Алеша шел неторопливо и слегка задумчиво. Последние несколько лет он почти не бывал в монастыре, и только в последнее время накануне подъема мощей его иногда можно было увидеть, впрочем, не в храмах, а больше у могилок отца и преподобного старца Зосимы. Чем ближе к монастырю, тем больше попадалось народу, пешего в основном и толпящегося рядом со стоящими под деревьями телегами и бричками. В основном крестьяне, хотя тут и там виднелись купеческие пролетки и мещанские тарантасы. В одном месте, около оврага, стоял даже внушительный цыганский фургон с разноцветным, прорванным в нескольких местах, пологом. Люди собрались со всей ближайшей округи, так как знали, что сегодня будет поднятие мощей. Разумеется, внутрь монастыря никого из простых не пускали, народу даже не было известно, пустят ли хотя бы к вечеру – приложиться к уже поднятым мощам, но люди надеялись и продолжали стекаться к монастырю, помимо тех, кто уже заночевал под его стенами. Надо сказать, что и сам монастырь за эти тринадцать лет существенно изменился. Главная перемена – на месте старых монастырских ворот была выстроена большая надвратная церковь, освященная в честь великомученика и целителя Пантелеймона. Перед этой церковью образовалась небольшая площадь, на другой стороне которой была построена гостиница. Гостиница эта специально была спроектирована так, чтобы четко отделить благородную публику от простой, которая вынуждена была от реки подниматься к гостинице с ее торца и по не очень удобной дороге. Говорят, на все эти постройки и благоустройства пошла львиная доля средств из завещания Федора Павловича, а на самой гостинице хотели поместить памятную табличку по этому поводу, но как-то эта идея сошла на нет. Вроде как наш новый игумен - а им теперь был хорошо известный по нашему первому повествованию, духовник отца Зосимы отец Паисий – был против и сумел противостоять давлению свыше. А давление было, так как постройки формально осуществлялись под руководством епархиального начальства и непосредственно под наблюдением владыки Зиновия, и от игумена монастыря мало что зависело в планах по его реконструкции и благоустройству.
Выйдя на монастырскую площадь, Алеша из-за большого скопления народа вынужден был притормозить. Воскресная поздняя обедня закончилась уже давно, но народ не расходился. Единственно, где ему позволялось быть – в надвратной церкви, куда был открыт доступ, и откуда слышалось молитвенное пение. Проход же в монастырь наглухо был оцеплен линией полицейских и жандармов.
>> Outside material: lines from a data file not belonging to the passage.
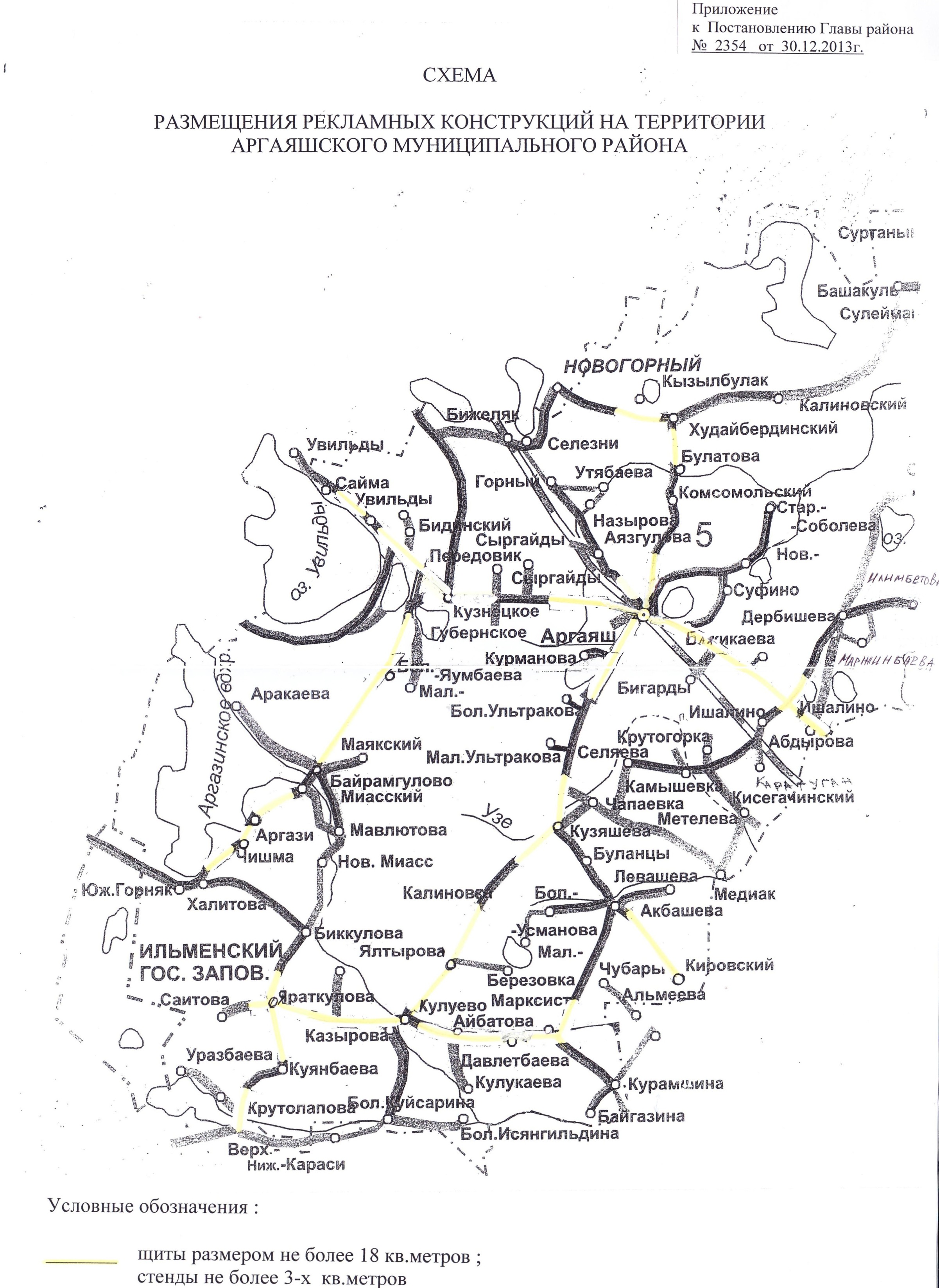 В схеме размещения рекламных конструкций на территории Аргаяшского муниципального района обозначены места расположения наружной рекламы с использованием щитов размером не более восемнадцати квадратных метров, выполненных в соответствии с техническим регламентом, стендов не более трех квадратных метров. Места установки рекламных конструкций обозначены условно на схеме сети автомобильных дорог Аргаяшского муниципального района. Предусматривается установка рекламных щитов , стендов по обе стороны автомобильной дороги при согласовании : с владельцами земельных участков , с соответствующими службами в установленном порядке.
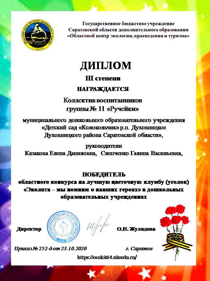 В этом году МДОУ "Детский сад "Колокольчик" р.п. Духовницкое Саратовской области" принимал участие в Областном конкурсе на лучшую цветочную клумбу (уголок) «Эколята – мы помним о павших героях» в дошкольных образовательных учреждениях, посвященный 75-летию Победы в Великой Отечественной войне (март - ноябрь 2020 г.).
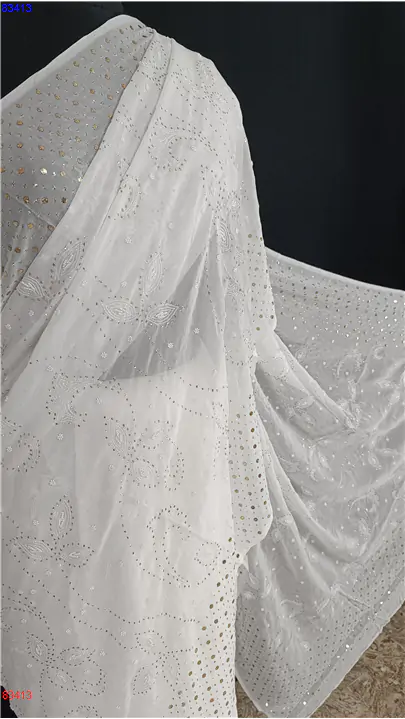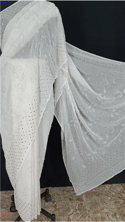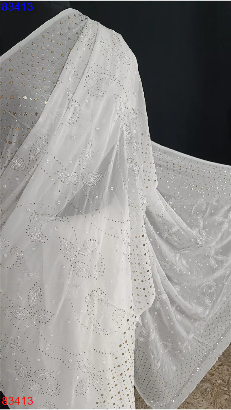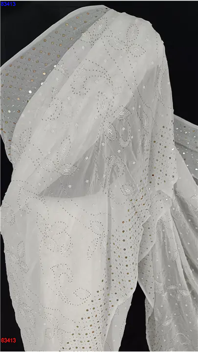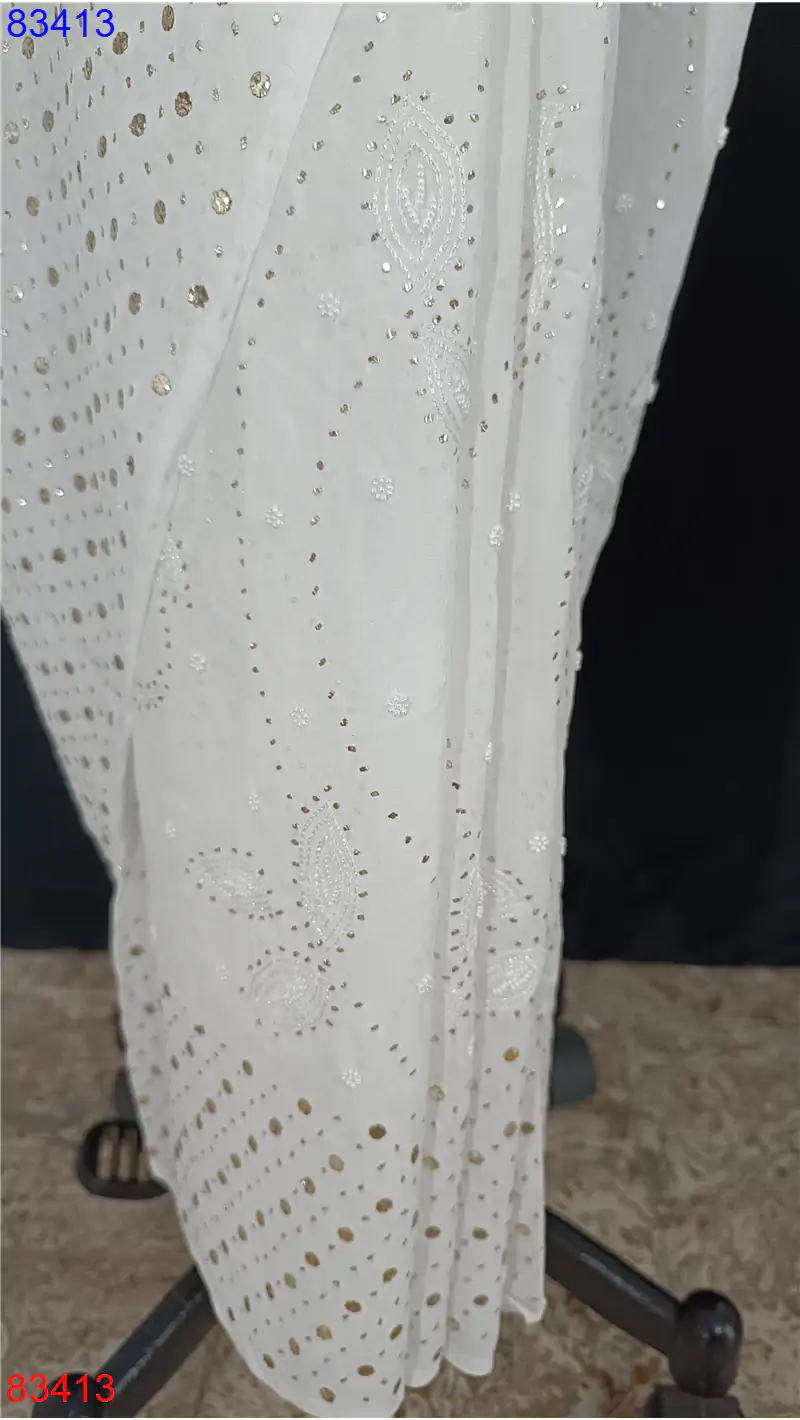 Georgette lucknowi Saree with Mukaish and Badla work : 83413
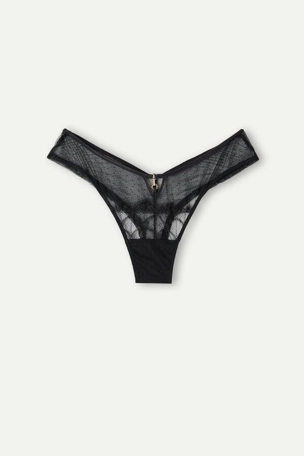 Intimissimi Pure Charme ’80s Style Brazilian panties in black. Flattering fit with nostalgic 1980s design. Available in sizes XXS to XXL.
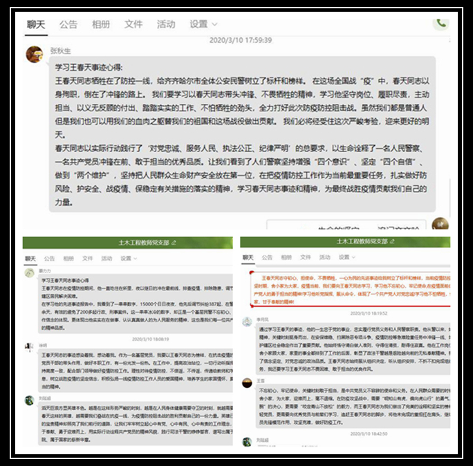 3月13日,思政教学部党支部在主题党日活动中组织全体党员在线观看《追记齐齐哈尔市公安局铁锋分局牺牲民警王春天》的视频,学习王春天同志的先进事迹。新冠肺炎疫情防控期间,齐市公安局铁锋分局新工地派出所副所长王春天,因劳累过度,倒在了疫情防控一线。王春天同志的事迹引发思政教学部党支部全体党员的热议,大家表示:要向王春天同志学习,作为一名党员教师,要不忘初心、牢记使命,全心全意为人民服务;作为一名思政教师,要磨砺政治品格,在线上教学中守好执教之责。
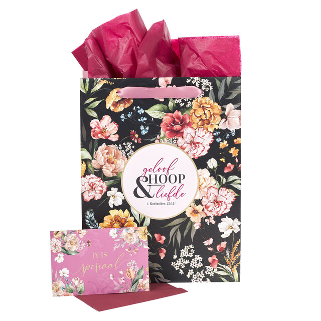 Geloof Hoop en Liefde Afrikaans Portrait Gift Bag with Card
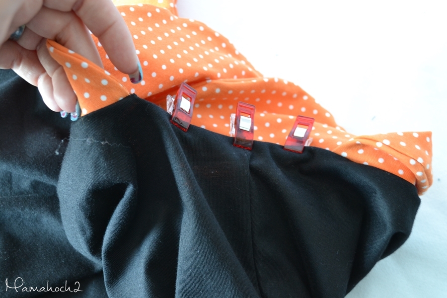 Möchtest du die Unterkante säumen, benutz lieber Nadeln zum feststecken, damit beim festnähen nichts verrutscht.
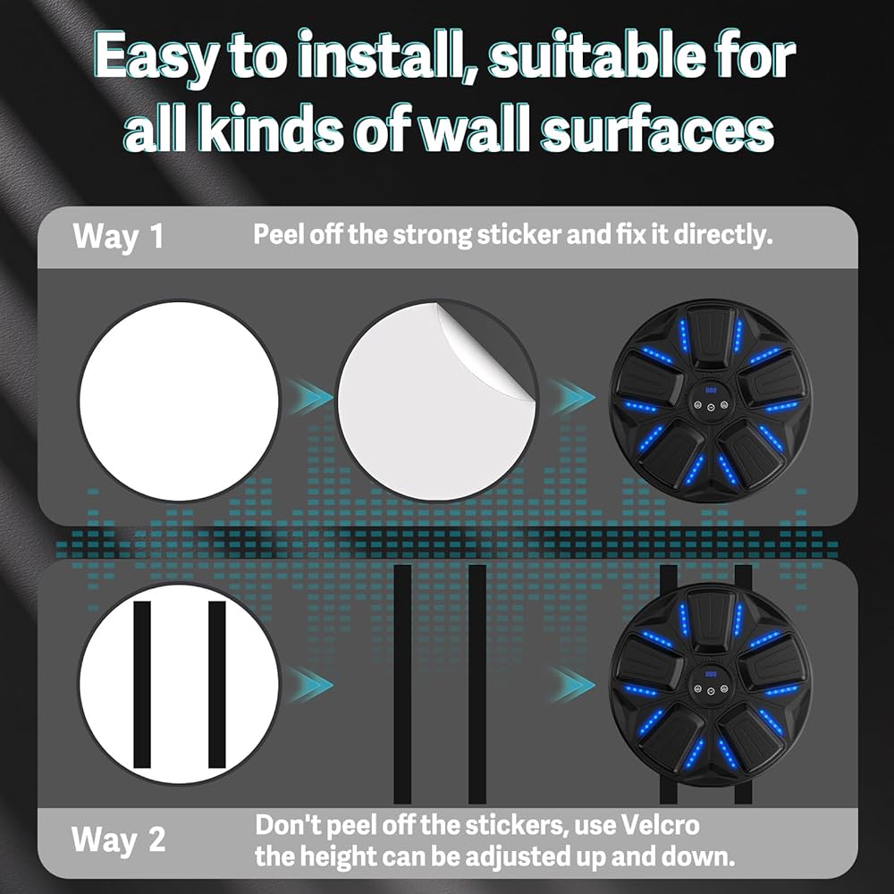 【9 أوضاع، تركيب سريع】من المبتدئين إلى التدريب المتقدم، 9 أوضاع و9 مستويات سرعة مناسبة للمستخدمين من جميع مستويات المهارة. يعرض عداد اللكمات LED المدمج في الوقت الفعلي مع كل لكمة، مما يبقيك متحفزًا بسهولة أثناء التدريبات. ليست هناك حاجة إلى حفر أو أدوات للتركيب - إما أن تقشر المادة اللاصقة المطبقة مسبقًا وتلصقها، أو تستخدم شرائط الفيلكرو المرفقة لتثبيتها على أي جدار أملس، ويمكنك إنجاز ذلك بسرعة
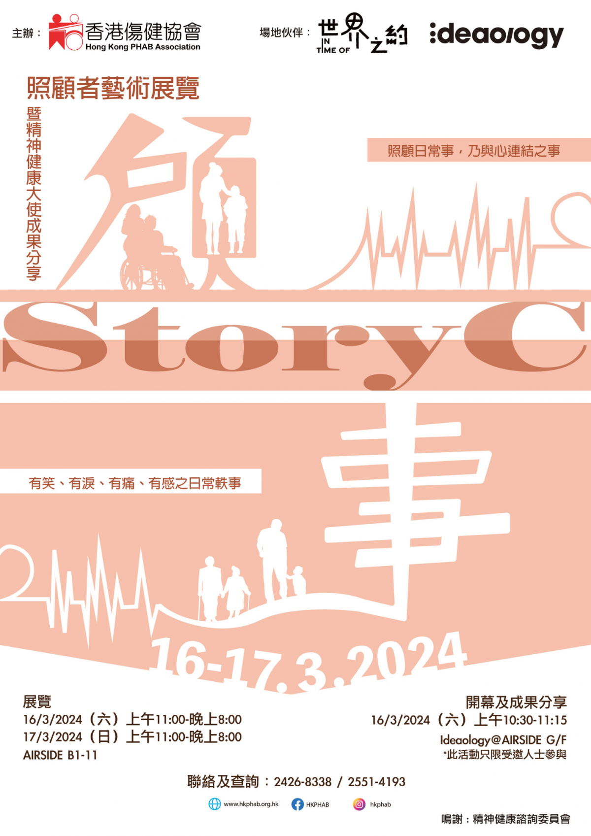 香港傷健協會將於3月16及17日在啟德AIRSIDE舉辦《顧・ 事Story C》照顧者藝術展覽,讓照顧者透過藝術創作表達他們的故事和照顧歷程中的情緒,藉此讓社區人士關注照顧者之精神健康。展覽以視覺藝術創作,配合互動元素及感官元素,展出和諧粉彩、平面繪畫、手工及立體創作等超過30件藝術品,並由精神健康大使及導賞義工,為參觀者細說作品背後的「顧」事。展覽劃分為五個小展區,配合五種感官探索,包括聲音、影像、畫作、氣味、物件等,與參觀者互動,一步一步走進入照顧者之《顧.事》世界。展覽免費入場,歡迎公眾參與。

Дожидаясь, пока проедет пересекающая площадь телега, Алеша невольно остановил взгляд на одной крестьянке, которая стояла на коленях и немигающим взглядом уставилась на поднявшееся над лесом солнце, как то странно сжав руки в кулачки у себя на груди. Кулачки эти в каком-то рваном ритме постукивали выступающими костяшками пальцев друг об друга, лица крестьянки же из-за неудобной точки обзора было почти не видно, зато за ее спиной был перекинут свернутый из грубой холстины кошель, в котором спала девочка. Но она, то ли была засунута туда так небрежно, то ли выпросталась сама, и теперь ее голова и одна голая ручка вывалились оттуда и висели почти отвесно к земле, чего незадачливая мамаша как бы и не замечала. Алеша хотел, было, тронуть ее, как почувствовал, что его остановили за плечо.
- Приветствую учительскую интеллигенцию! Так сказать – от писательского корпуса братьев по оружию. Что тоже вовнутрь? Понятно, понятно. Оно и надо. Станем свидетелями очередного монашеского эксгумационного мракобесия… Да, старик?..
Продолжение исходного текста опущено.